Delivering on the multilateral debt cancellation deal announced by G8 Heads of State in Gleneagles exactly one year ago has been a bit like the journey between Mopti and Timbuktu: a long, arduous and bumpy ride; at times you think you’ll never arrive at your final destination but you get there in the end.On 1 July 2006, the World Bank and African Development Bank will start to deliver debt cancellation to 19 impoverished nations, 15 of which are in Sub-Saharan Africa. This is one full year following final announcement of the plan, during which time these countries have continued to make debt service repayments to these institutions. The IMF delivered its share (US$3.3 bn) of the debt cancellation six months earlier: on 6 January 2006. Two further countries also benefited from IMF debt cancellation: Cambodia and Tajikistan. The debt deal means that each year, over the next ten years, these 19 countries will save around US$1.1 bn in debt service repayments: money that can be used instead to invest in health, education and infrastructure.
What did the G8 promise?
So what exactly was promised by G8 Heads of State in Gleneagles last year?
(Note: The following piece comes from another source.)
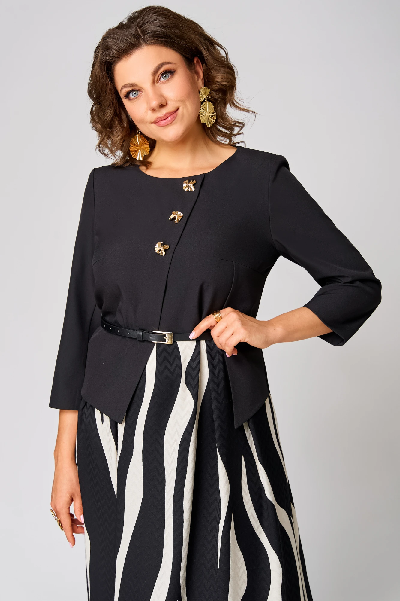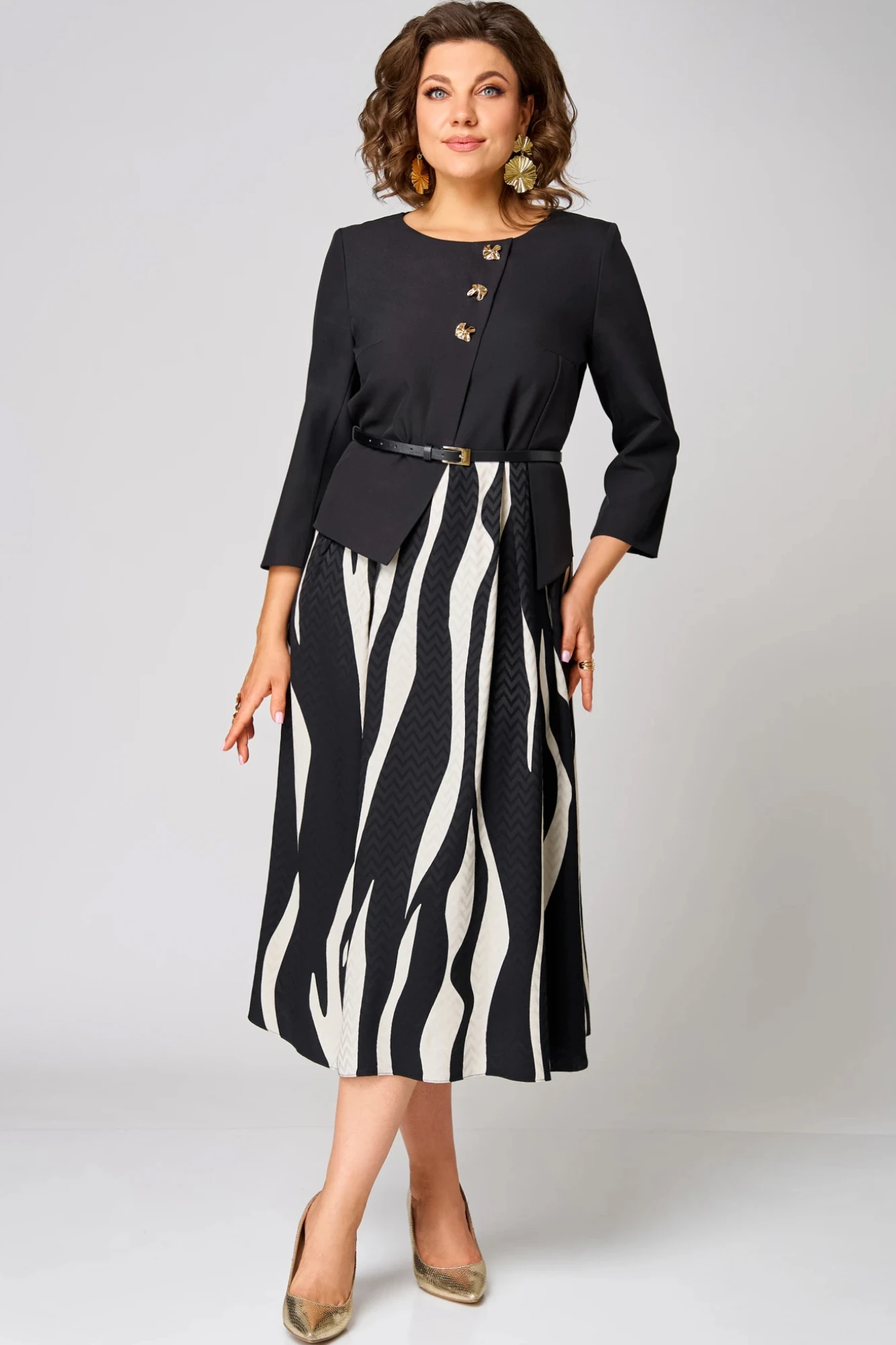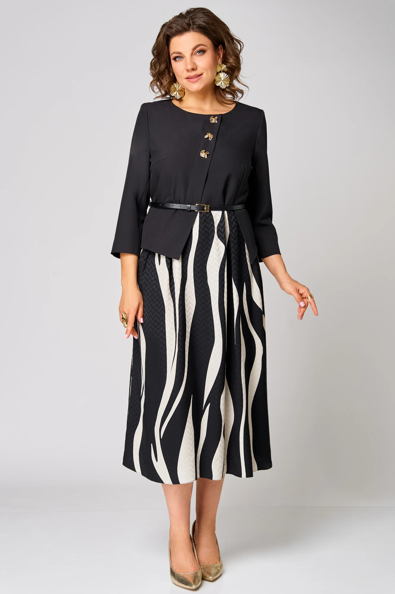 Платье женское А-силуэта из двух разных фактур тканей, отрезное по линии талии, без подкладки. Округлый вырез горловины. Верх платья выполнен из костюмной ткани. По переду застрочены нагрудные вытачки. По правой части переда ассиметричная складка на 3 пуговицы и петли. По левой части переда от нагрудной вытачки имеется отлетная деталь. Сина со средним швом и застежкой на потайную тесьму-молнию. Рукав втачной двухшовный , длина 49см. Юбка в платье выполнена из вискозы. По переднему и заднему полотнищу застрочены встречный складки. Длина платья 120см. Имеется съемный пояс с пряжкой.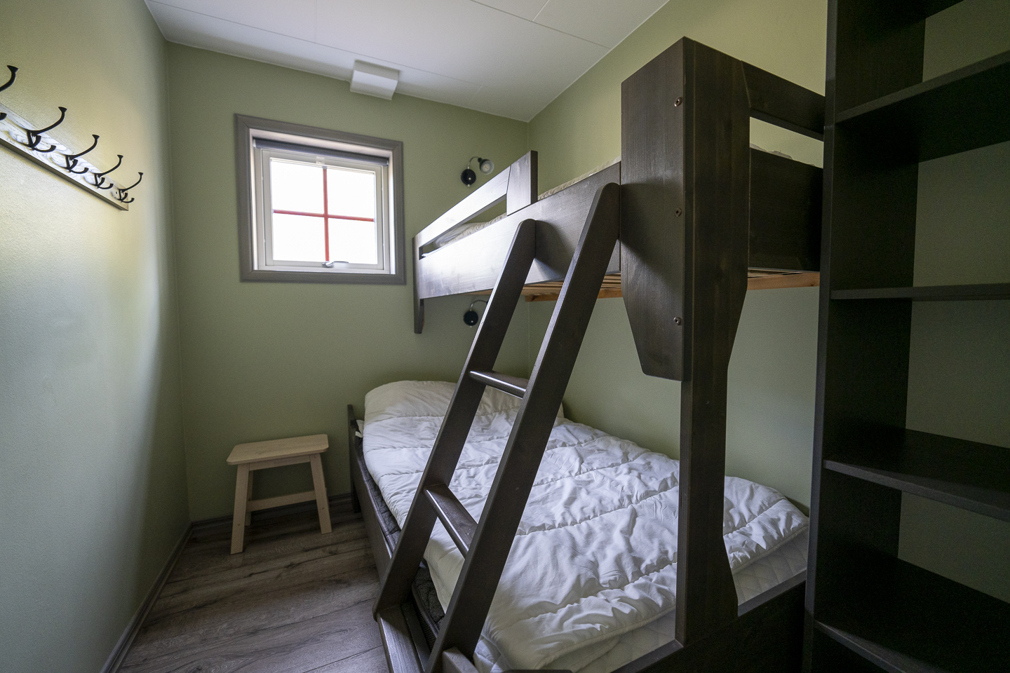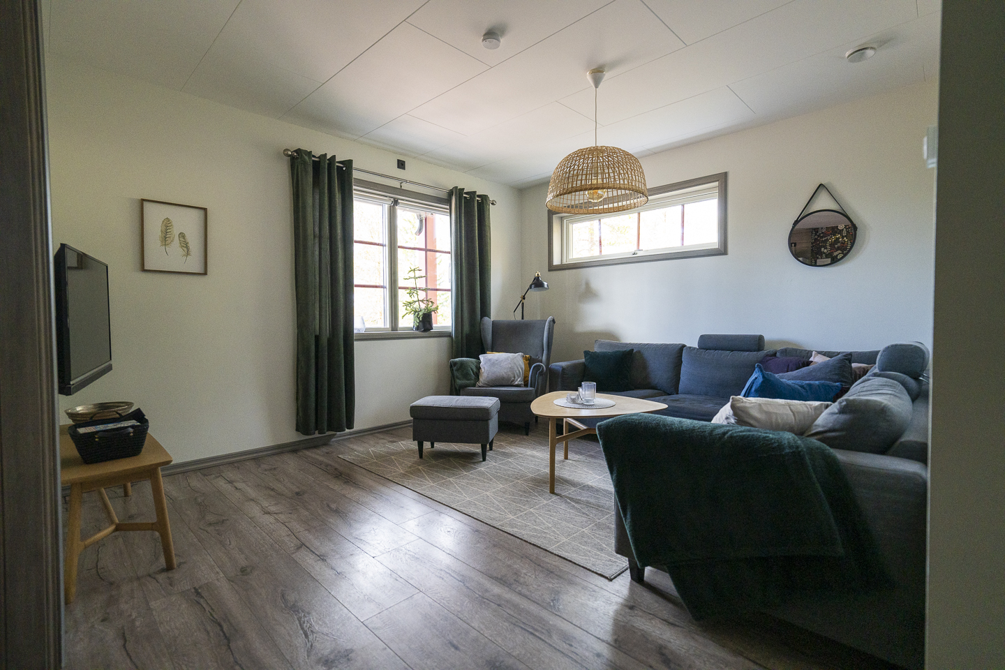 Köket är välutrustat för semesterens alla måltider 🍽️ och vardagsrummet har matplats, sittgrupp och TV. Badrum med dusch, torkskåp och motorvärmaruttag finns.

The deal (now relabelled the Multilateral Debt Relief Initiative or MDRI) promised to cancel the debts of Heavily Indebted Poor Countries (HIPCs) to the IMF, World Bank and African Development Bank once they completed the HIPC Initiative debt reduction programme. The deal is worth approximately US$40 billion over the next 40 years. A further 10 countries could be included in the plan over the next two years bringing the total cost to US$55 billion. At the time, UK Chancellor Gordon Brown described the plan as a “historic breakthrough” and “the most comprehensive statement that finance ministers have ever made on the issues of debt, development, health and poverty”. But did campaigners feel this deal really went far enough? Did the deal cover 100% of countries and 100% of debts?